Carlos Neto: “Somos o animal com a infância mais longa, para quê aprender tudo à pressa?”

Na última lição na FMH, pediu um novo contrato social para educação. E que as escolas libertem não só as crianças mas professores e investigadores.

Atirada para este ano por causa da pandemia, a última lição de Carlos Neto, o professor e investigador que pôs o direito a brincar das crianças na ordem do dia, aconteceu ontem num pavilhão cheio da Faculdade de Motricidade Humana, na Cruz Quebrada. Na hora da despedida, os reptos foram os que acompanham uma carreira de defesa do espaço e tempo para o “corpo em movimento”, mas também de perspetiva sobre a vida na universidade, desde os primórdios da sua entrada nas lides do desporto em 1970, na altura para fazer o curso de instrutor no Instituto Nacional de Educação Física – a escola que viria a ser, depois do 25 de Abril, o Instituto Superior de Educação Física de Lisboa e hoje é a FMH, integrada na Universidade de Lisboa.

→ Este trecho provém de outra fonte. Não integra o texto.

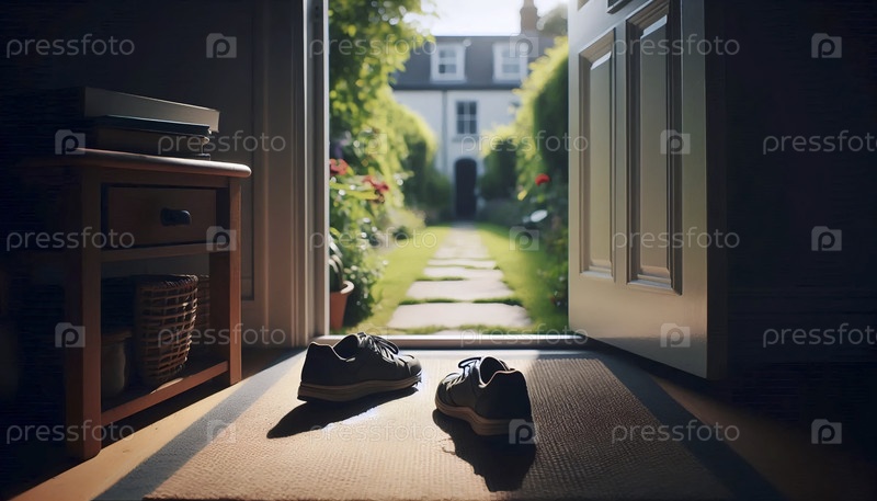На более широком снимке, показывающем дверной проход и взгляд на внешний мир, Ай создал изображение

Carlos Neto invocou os mestres – alguns que já partiram, e que abriram os caminhos nesta área em Portugal, como os pedagogos João dos Santos, Noronha Feio e António Paula Brito – e defendeu que a escola que construíram sempre inquietos não poderá ficar parada no tempo perante uma sociedade e tempos desconhecidos e imprevisíveis.

“A melhor brincadeira era jogar à pedrada” 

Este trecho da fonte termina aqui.